» ASSIGNED TASK
Print the data below verbatim, minus images.

[DATASET RECORDS]

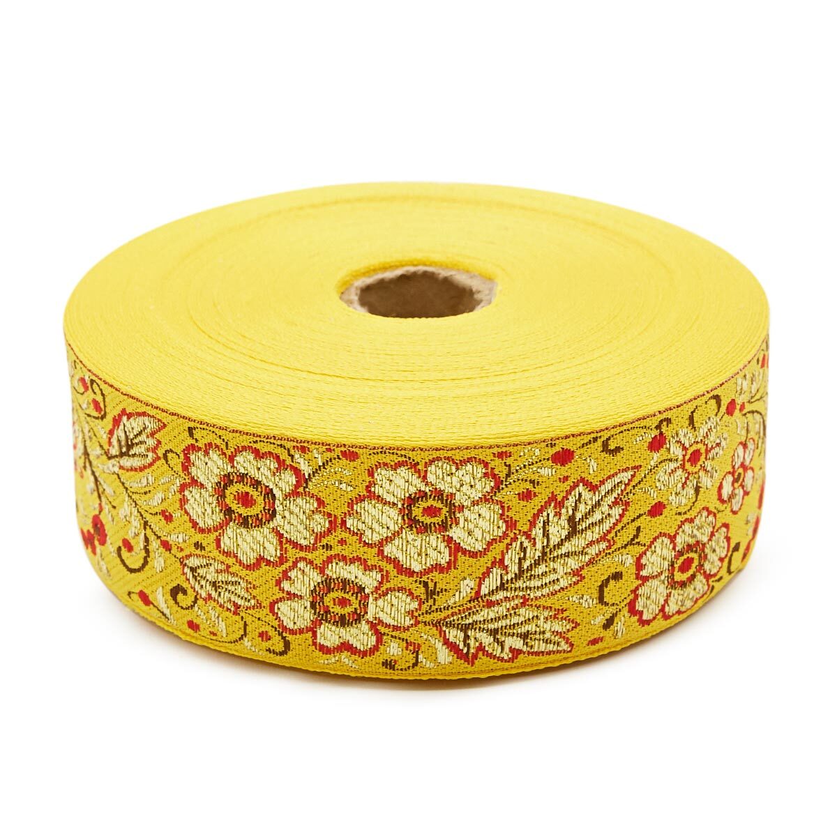 Лента (тесьма) жаккардовая 50.0 мм / 25±1 метров, с метанитом рис. 9560 Яблоневый цвет (7 желтый) С3347Г17
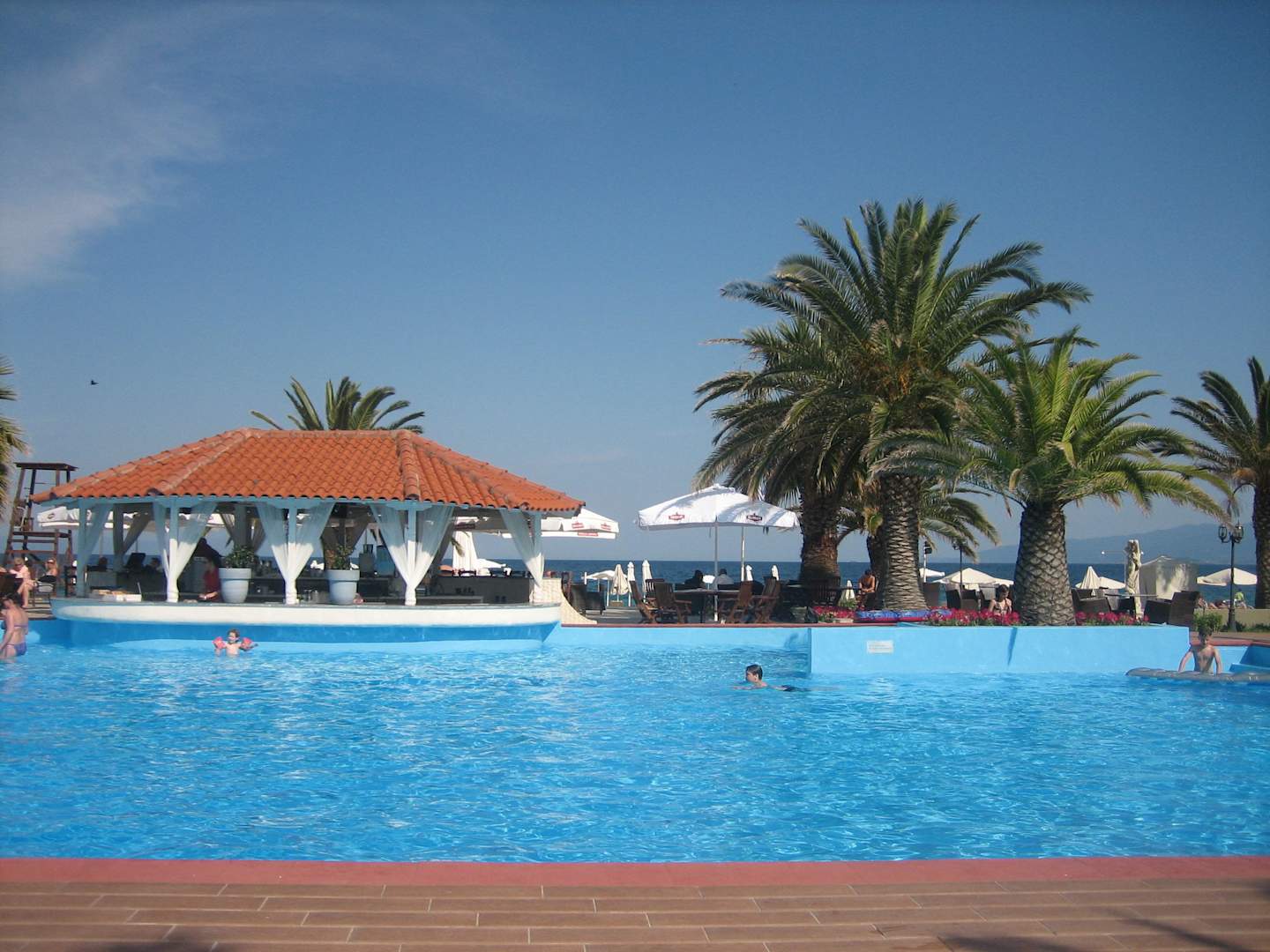 Poolanlage mit Poolbar, dahinter das Meer
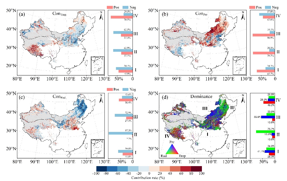 图3. 2001-2020年中国旱区GPP趋势主导气象因子空间分布。(a)-(c)分别为温度、降水和太阳辐射变化对GPP趋势的相对贡献。右侧柱状图显示各气候区(Ⅰ-Ⅳ)正、负贡献区域面积占比。(d)为主导气候因子的空间分布,各格点的主导因子由其最大绝对贡献值确定,右侧图显示各气候区不同主导因子的面积占比。
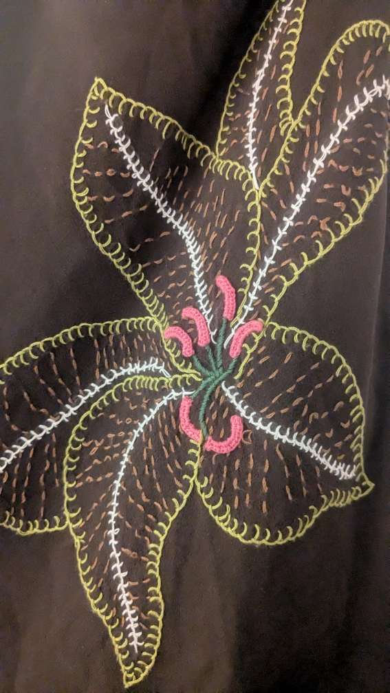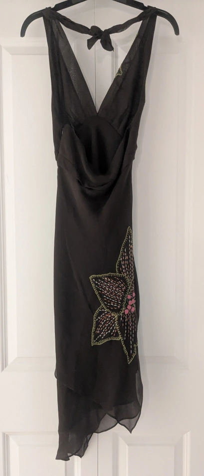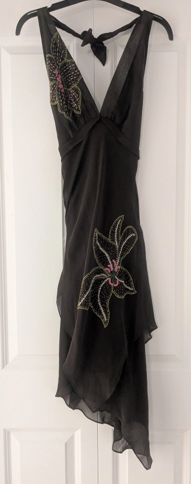 Beautiful chocolate brown silk halter self-tie neck dress. Features asymmetrical hemline and unique embroidered floral accents. Lightweight fabric. Great for day and evening events.
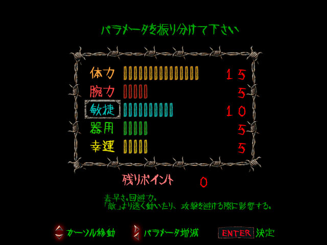 システムは自分で最初にパラメーターを振り分けてキャラメイクが出来るので体力の多いキャラや器用なキャラが作れます。
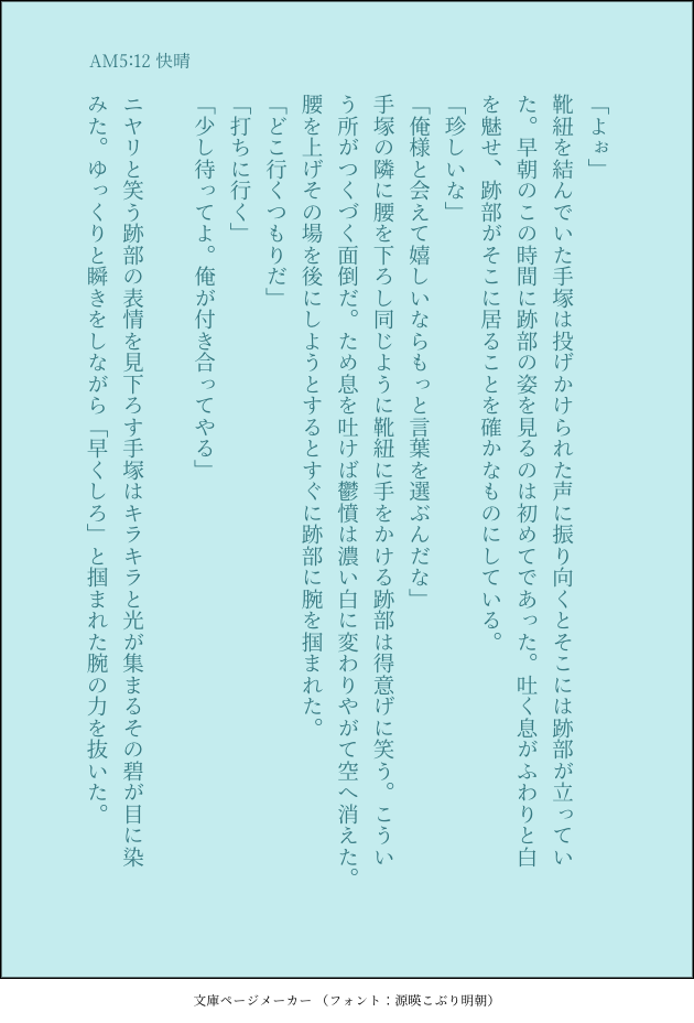 わらび☆quiet followDONE『AM5:12 快晴』 Tap to full screen (size:630x928).Repost is prohibited わらびDONE2024.11.22(遅刻) わらびDONE『鍔迫り合い』 わらびDONE『終演』永遠はあるけど試合は終わるものです。 わらびDONE移植分キスしてる時にめっちゃ見てる塚の話 わらびDONE『AM5:12 快晴』 わらびDONE『溢れる』(跡視点)ぬるいですがR18作品です。18歳未満の方の閲覧を禁止しています。pass:18↑? recommended works 後行ジクDOODLE 4 sashimiiangDOODLE레이카오 POI10998571DOODLE暇が謝った kakitaineDOODLEさくすお🔞ほぼ顔だけどいたしてるはじめて(2回目も3回目も同様)を1000通り読みたいとっくに他の人のことなんて考えられないんだけど、夢中になって他のことに手がつかなくなる的な意味で…20250113 少し修正😇18歳↑?yes /no 半人前道化師DOODLE我々は厄介事に愛されている 現行未通過❌やってて楽しかったロール落書き。きゃっきゃ 白岩さんDONEキャラシ完成 pancake_linkDOODLE思慕と伺いましたので、全肯定してくれると思うんスよ。何をしても、何があっても利吉さんは はる☃DOODLE獅子王 5 Alra0034MENUCoC「探索者、逃走中!」通過報告SSKP/:あるら狐鞠 緋花/只人英雄PL:あめじのなさん枚方 祐禅/穂摘 静空PL:えんびさん乙羽/目良 細雪PL:タイムラピスさん嵯峨根 華忍/周宝 長月PL:つばささん茜 累莵/草河 露乃PL:Miyaさん千波 絃蘭/蓮見 風磨
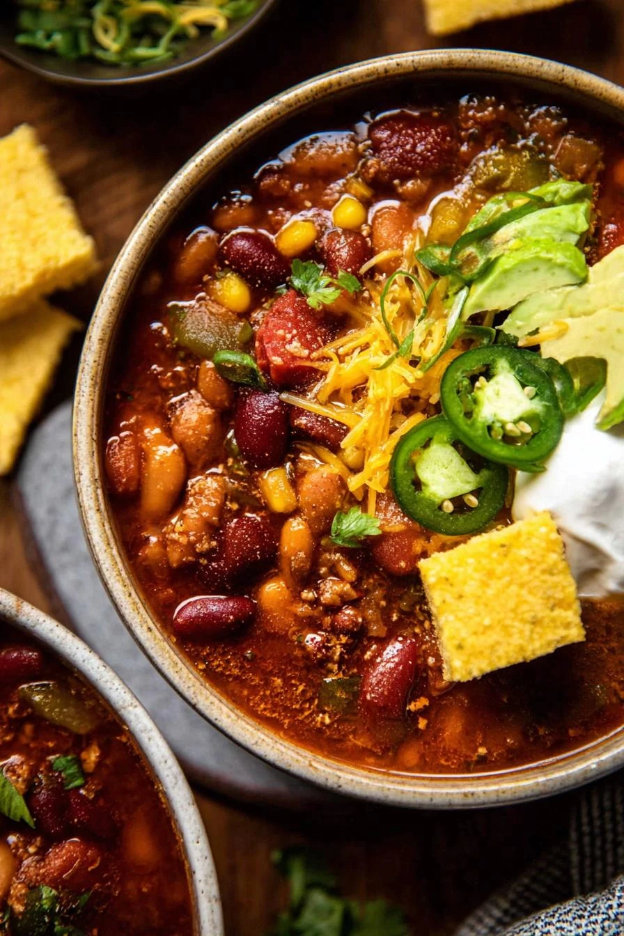 - 6 Serve piping hot with corn bread. Garnish how you like: shredded cheese, chopped onions, sour cream, diced avocado. The toppings cut heat or add creaminess. Watch for chili thickness; add broth if too dense. Leftovers get better holding flavors. Keeps well in fridge or freezer.
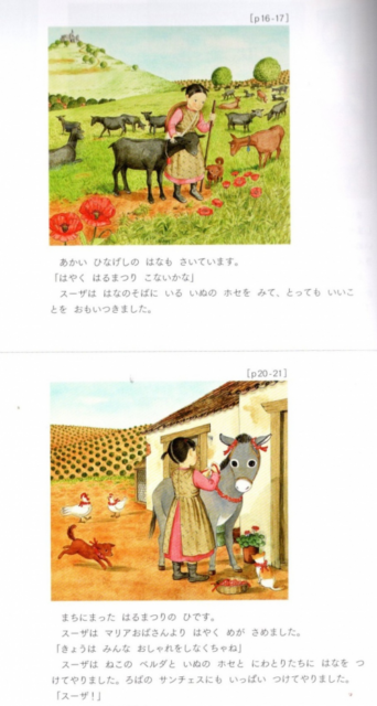 広野多珂子(1947~)は、夫とともにスペインで美術を学び、帰国後のスペインのオリーブ畑に囲まれた小さな村で暮らす少女スーザとおばあさんとロバたちが繰り広げる物語は「ねぼすけスーザシリーズ」として7冊を成している(1991~2014 福音館書店)。明るくて、やさしくて、善意の人たちとの触れ合いの中で進む話に癒される思いであった。
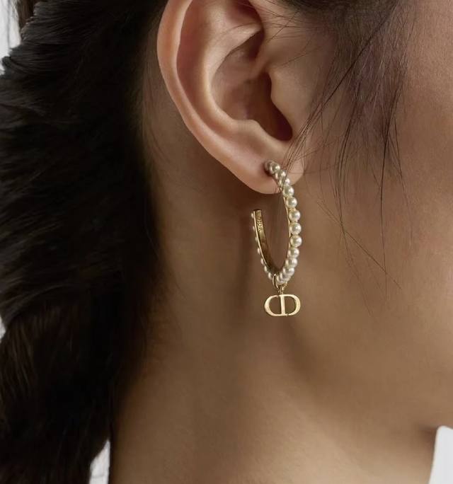 采用金色饰面金属精心制作,珍珠镶嵌耳圈简简单单又很贵气

[/DATASET RECORDS]

» WRITTEN SOLUTION
 Лента (тесьма) жаккардовая 50.0 мм / 25±1 метров, с метанитом рис. 9560 Яблоневый цвет (7 желтый) С3347Г17
 Poolanlage mit Poolbar, dahinter das Meer
 图3. 2001-2020年中国旱区GPP趋势主导气象因子空间分布。(a)-(c)分别为温度、降水和太阳辐射变化对GPP趋势的相对贡献。右侧柱状图显示各气候区(Ⅰ-Ⅳ)正、负贡献区域面积占比。(d)为主导气候因子的空间分布,各格点的主导因子由其最大绝对贡献值确定,右侧图显示各气候区不同主导因子的面积占比。
 Beautiful chocolate brown silk halter self-tie neck dress. Features asymmetrical hemline and unique embroidered floral accents. Lightweight fabric. Great for day and evening events.
 システムは自分で最初にパラメーターを振り分けてキャラメイクが出来るので体力の多いキャラや器用なキャラが作れます。
 わらび☆quiet followDONE『AM5:12 快晴』 Tap to full screen (size:630x928).Repost is prohibited わらびDONE2024.11.22(遅刻) わらびDONE『鍔迫り合い』 わらびDONE『終演』永遠はあるけど試合は終わるものです。 わらびDONE移植分キスしてる時にめっちゃ見てる塚の話 わらびDONE『AM5:12 快晴』 わらびDONE『溢れる』(跡視点)ぬるいですがR18作品です。18歳未満の方の閲覧を禁止しています。pass:18↑? recommended works 後行ジクDOODLE 4 sashimiiangDOODLE레이카오 POI10998571DOODLE暇が謝った kakitaineDOODLEさくすお🔞ほぼ顔だけどいたしてるはじめて(2回目も3回目も同様)を1000通り読みたいとっくに他の人のことなんて考えられないんだけど、夢中になって他のことに手がつかなくなる的な意味で…20250113 少し修正😇18歳↑?yes /no 半人前道化師DOODLE我々は厄介事に愛されている 現行未通過❌やってて楽しかったロール落書き。きゃっきゃ 白岩さんDONEキャラシ完成 pancake_linkDOODLE思慕と伺いましたので、全肯定してくれると思うんスよ。何をしても、何があっても利吉さんは はる☃DOODLE獅子王 5 Alra0034MENUCoC「探索者、逃走中!」通過報告SSKP/:あるら狐鞠 緋花/只人英雄PL:あめじのなさん枚方 祐禅/穂摘 静空PL:えんびさん乙羽/目良 細雪PL:タイムラピスさん嵯峨根 華忍/周宝 長月PL:つばささん茜 累莵/草河 露乃PL:Miyaさん千波 絃蘭/蓮見 風磨
 - 6 Serve piping hot with corn bread. Garnish how you like: shredded cheese, chopped onions, sour cream, diced avocado. The toppings cut heat or add creaminess. Watch for chili thickness; add broth if too dense. Leftovers get better holding flavors. Keeps well in fridge or freezer.
 広野多珂子(1947~)は、夫とともにスペインで美術を学び、帰国後のスペインのオリーブ畑に囲まれた小さな村で暮らす少女スーザとおばあさんとロバたちが繰り広げる物語は「ねぼすけスーザシリーズ」として7冊を成している(1991~2014 福音館書店)。明るくて、やさしくて、善意の人たちとの触れ合いの中で進む話に癒される思いであった。
 采用金色饰面金属精心制作,珍珠镶嵌耳圈简简单单又很贵气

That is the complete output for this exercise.